Majority vs Weighted vs Stacked Voting in RF Modulation Ensembles

Majority vs Weighted vs Stacked Voting in RF Modulation Ensembles bgilbert1984 Download

Performance Metrics.** Key Findings includes a bullet point stating, “Stacked voting showed the best calibration (lowest ECE) at $K=3$ .” Accuracy vs. Models shows a simplified line chart illustrating that all three methods (majority, weighted, stacked) reach 1.0 accuracy at $K=3$ models, with stacked showing higher intermediate accuracy at $K=2$¹. Performance Metrics is a table showing: Metric: TTFB (p50) at $K=4$, Majority: 3.2 ms, Weighted: 3.2 ms, Stacked: 3.4 ms²²². Another row shows: Metric: ECE at $K=3$, Majority: 0.654, Weighted: 0.654, Stacked: 0.333³³³. A final note states, “Weighted voting typically dominates majority when confidences are calibrated; stacked can surpass both given diverse base-model errors and sufficient meta-data⁴.”]

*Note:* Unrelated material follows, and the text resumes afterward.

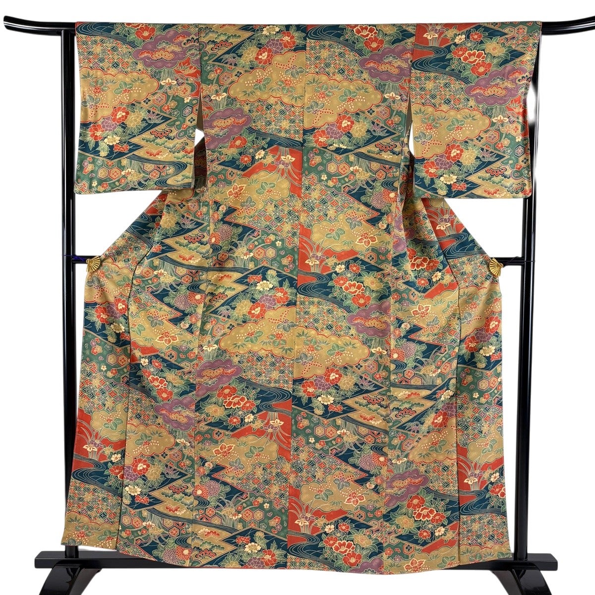 小紋 身丈159.5cm 裄丈62.5cm S 袷 辻が花柄 金彩 黒 正絹 秀品
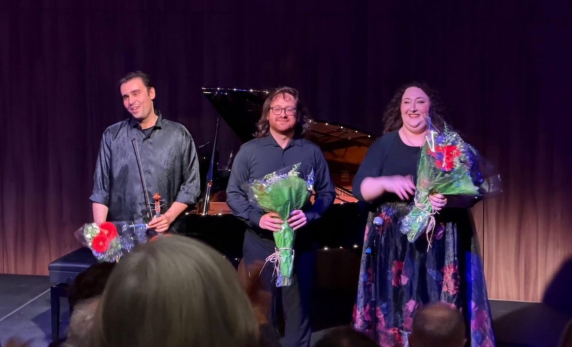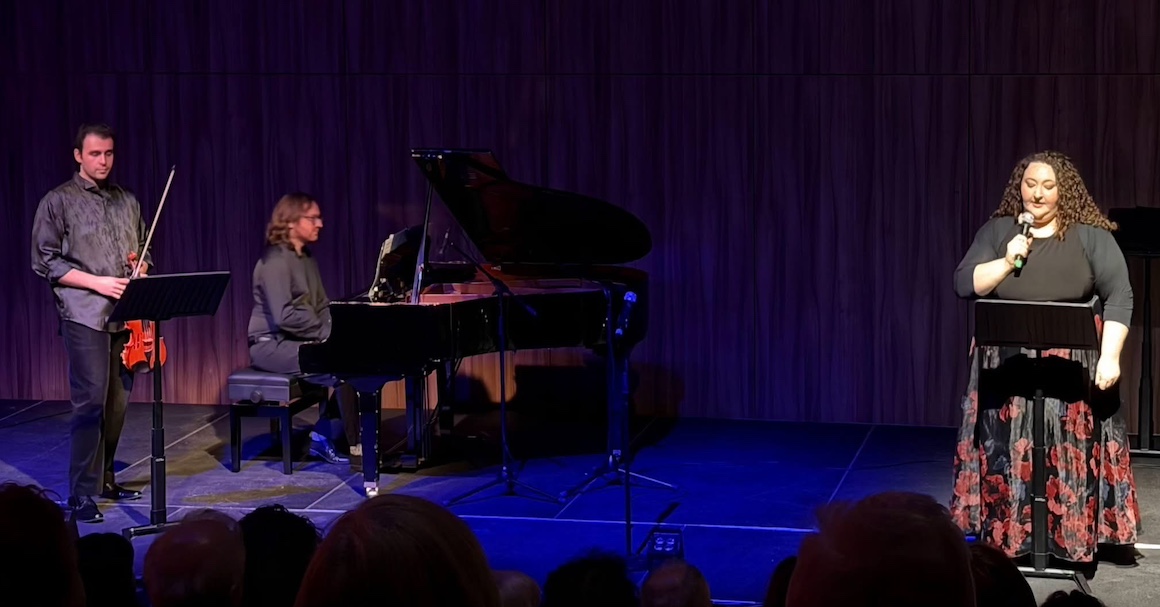 The other change was the location. This year we were at the rebuilt Leah Posluns Theatre at Prosserman JCC on Bathurst just south of the Arctic Circle. It’s a lovely theatre and just the right size for a song recital. What didn’t change was the quality of the performance. Jaclyn (whose voice is sounding better than ever) and Nate own this music and we got nuanced, moving accounts of all the songs definitely enhanced by Daniel on violin.

🖼️ RF Modulation Ensembles: Voting Strategy Comparison

This image summarizes the core results from the paper “Majority vs Weighted vs Stacked Voting in RF Modulation Ensembles”⁵⁵⁵⁵.

1. Key Findings

Accuracy: All three methods (majority, weighted, and stacked) achieved 1.000 accuracy at $K=3$ models⁶.
Calibration: Stacked voting demonstrated the best calibration, with the lowest Expected Calibration Error (ECE = 0.333) at $K=3$, compared to $0.654$ for majority and weighted⁷⁷⁷.
General Performance: Weighted voting is generally expected to outperform majority when confidences are calibrated, while stacked can exceed both if there are diverse base-model errors and enough meta-data⁸.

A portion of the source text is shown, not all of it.